§ **DATASET CONTENT**:
######

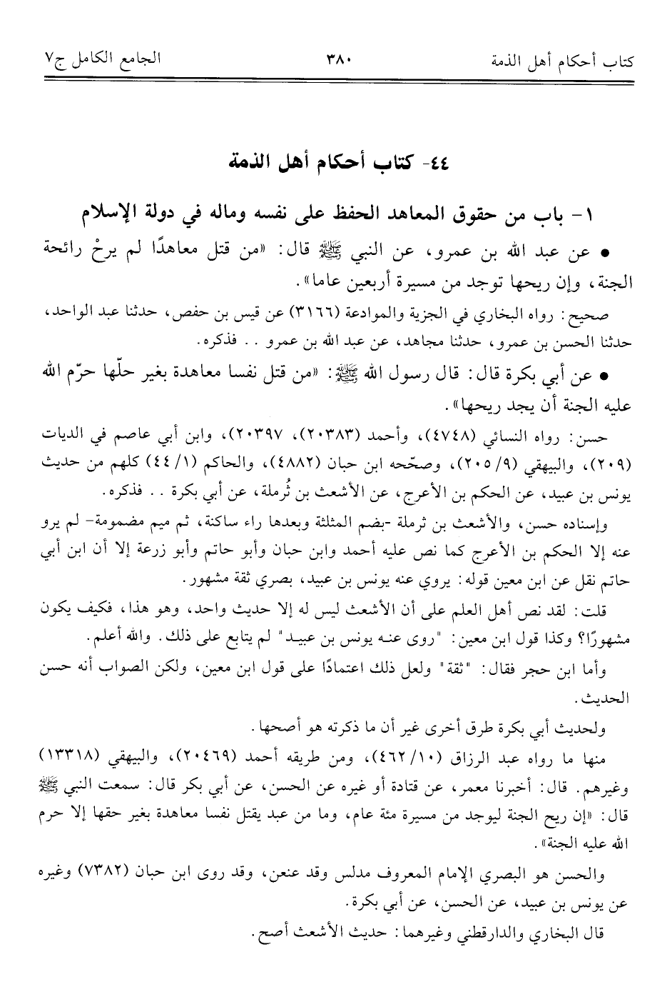 • عن عبد الله بن عمرو، عن النَّبِيّ - صلى الله عليه وسلم - قال: "من قتل معاهدًا لم يرحْ رائحة الجنّة، وإن ريحها توجد من مسيرة أربعين عاما".
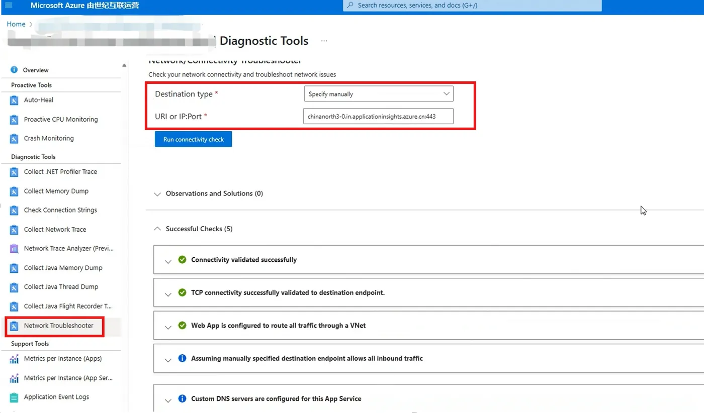 选择Network Troubleshooter工具,在出现的页面中,设置Destination type为 specify manually, URI or IP:Port值则输入:https://chinanorth3-0.in.applicationinsights.azure.cn/v2/track (注:所有中国区Azure的Application Insights都是这个地址)
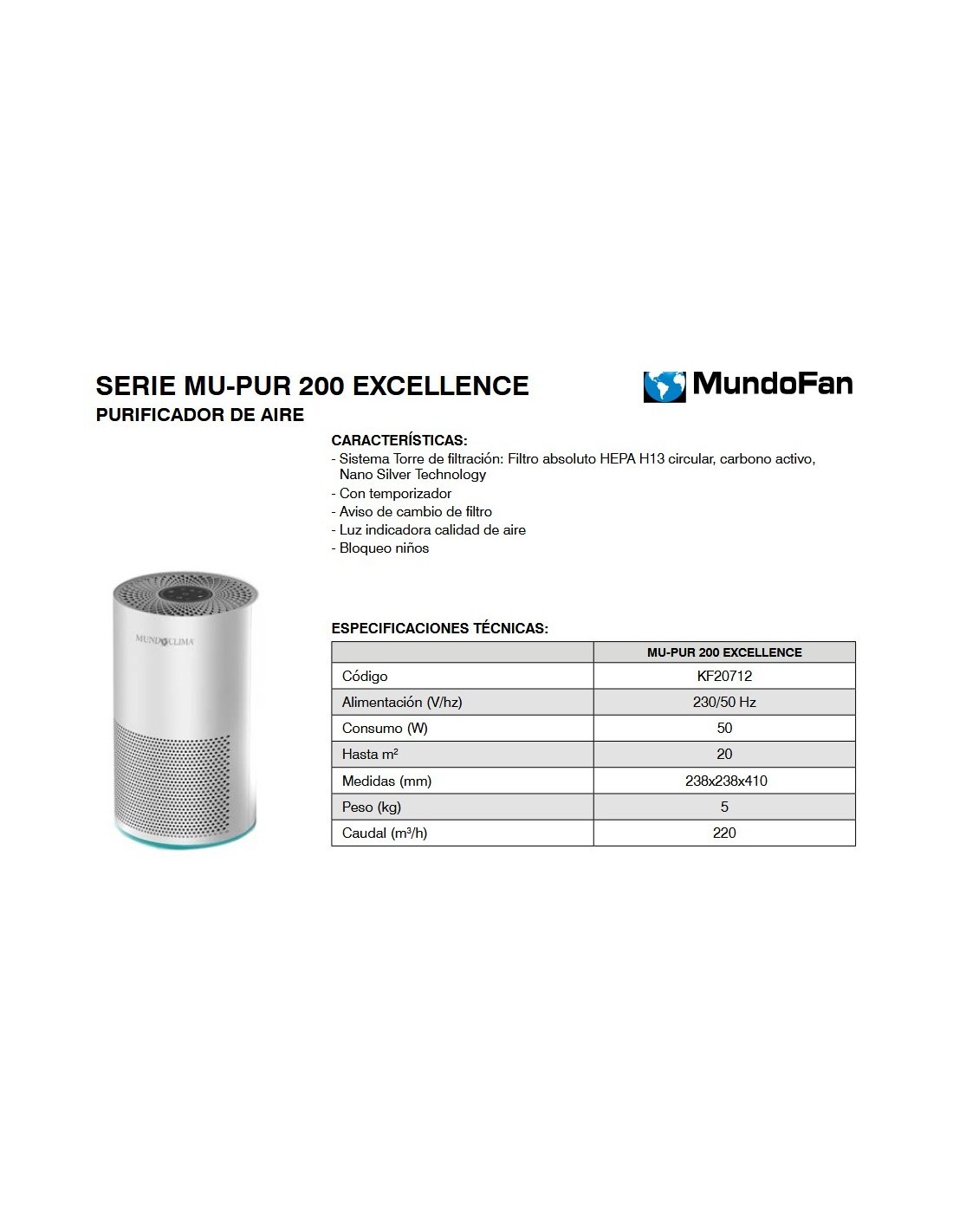 PURIFICADOR AIRE EXCELLENCE CFILTRO HASTA 25M2 MU-PUR 200

######

§ **WHAT YOU HAVE TO DO**: Repeat verbatim all the material, but not the pictures.

§ **SOLUTION BELOW**:
 • عن عبد الله بن عمرو، عن النَّبِيّ - صلى الله عليه وسلم - قال: "من قتل معاهدًا لم يرحْ رائحة الجنّة، وإن ريحها توجد من مسيرة أربعين عاما".
 选择Network Troubleshooter工具,在出现的页面中,设置Destination type为 specify manually, URI or IP:Port值则输入:https://chinanorth3-0.in.applicationinsights.azure.cn/v2/track (注:所有中国区Azure的Application Insights都是这个地址)
 PURIFICADOR AIRE EXCELLENCE CFILTRO HASTA 25M2 MU-PUR 200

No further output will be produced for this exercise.